Идеальный образ японца в сознании советского человека включал в себя не только черты, которые в той или иной мере действительно свойственны японцам. Глубоко народная подоснова этого идеала диктовала и ряд черт, любезных российскому человеку, но которые никакого отношения к японцам не имеют. Так чрезвычайно законопослушный народ становится у авторов книги «Японцы» почти анархистом: «Большинство японцев недолюбливает юридические правовые нормы. Закон для них — наподобие дубинки. При упоминании слова „закон“ (хо) многих прямо передергивает. В народе считают, что от закона лучше держаться подальше». Человек же, родившийся в год змеи, характеризуется уже в связи с критериями, присущими исключительно советскому человеку, стоявшему в нескончаемой очереди за «дефицитом»: «Змея невероятно везуча. Она может достать все, что угодно».
Словом, в сознании читателя создавался образ такой земли и такого жизнеустройства, в котором каждый мог подыскать нечто подходящее своему умонастроению. «В Японии есть все», — таково было убеждение советской аудитории.

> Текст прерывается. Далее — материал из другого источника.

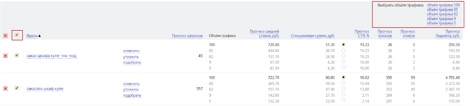 Выделяем все нужные фразы и выбираем объем трафика.
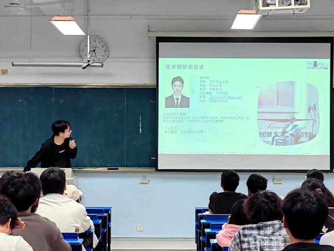 2024年3月24日19时,根据学院统一安排,本科生第一党支部党员唐家新、余晨骁走进新生班晚自习,分享自身学习成长经验。
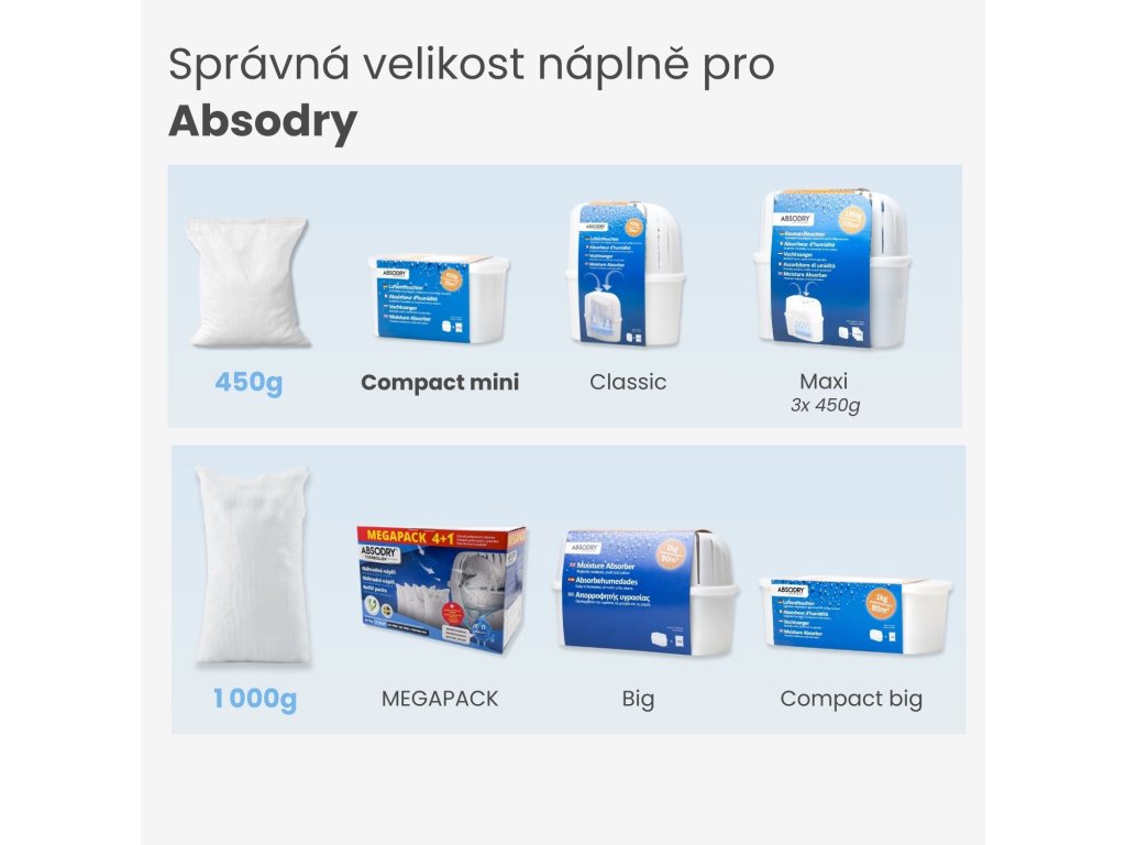 Problémy jako jsou alergie, dýchací obtíže nebo tvorba plísní a zápachu má velmi často na svědomí nadměrná vlhkost v domácnosti. Absorbér vlhkosti Absodry Mini Compact vám ale pomůže udržet optimální úroveň vlhkosti (zhruba mezi 40 a 60 %). Redukuje totiž přebytečnou vlhkost vzduchu pomocí absorpčních krystalů a kondenzuje ji na vodu, která odkapává do sběrné nádržky. Tu po naplnění jednoduše vylijete. Absodry Mini Compact pohlcuje nejen vlhkost, ale i nepříjemný zápach.

Особое место занимала в сознании советского интеллигента японская поэзия. Чрезвычайно много сделала для ее внедрения на русскую почву В.Н. Маркова. Популярность ее «мо(а)рковок» была неописуемой. И дело здесь не только в достоинствах самой японской поэзии и не только в таланте переводчицы. Вряд ли нужно доказывать, что при переводе любых стихов происходит грандиозная трансформация исходного текста. В случае с японской поэзией в него вчитывались еще больше, чем при переводах с других языков. Это было обусловлено незнанием реалий японского пейзажа, которому нет соответствий в России. Это было связано с незнанием историко-культурного контекста, из которого рождалось стихотворение и которое оно дополняло. Это было подчинено закоренелой привычке переводить в стиле «избранного» — переводчик переводит те стихи, которые кажутся ему «лучшими», но на самом деле на родине этого стихотворения оно бытует, как правило, только в цепочке (в личном собрании, которое может быть организовано совсем не по хронологическому принципу; в антологии или поэтическом турнире, где поэтические смыслы высвечиваются только на фоне соседних произведений). Мы эти стихи читаем про себя, а изначально они подлежали обязательному оглашению, полупению.
Однако эти обстоятельства никого не волновали, потому что задача состояла совсем не в том, чтобы понять японскую поэзию.
Чем же была любезна читателю японская поэзия в ее русском переложении? Иными словами, каким потребностям, которые не могли быть удовлетворены домашней словесностью, она отвечала?
Не знаю, кому — как, но мне-то кажется, что литературный гений русского народа нашел блестящее выражение в анекдоте и частушке. Эти формы, никогда не признававшиеся официальной культурой, требуют афористичности и краткости. Японские стихи отвечают этим критериям и переводят краткость в серьезное измерение, то есть легализуют лаконичность в качестве уважаемой литературной формы. Принципиальная невозможность подробного описания объекта в таком стихотворении предоставляла читателю привычную возможность читать между строк, но возвышала эту унизительную потребность до акта сотворчества. В.Н. Маркова писала: «Каждое стихотворение — маленькая поэма. Оно зовет вдуматься, вчувствоваться, отворить внутреннее зрение и внутренний слух. Чуткие читатели — сотворцы поэзии. Многое недосказано, недоговорено, чтобы дать простор воображению».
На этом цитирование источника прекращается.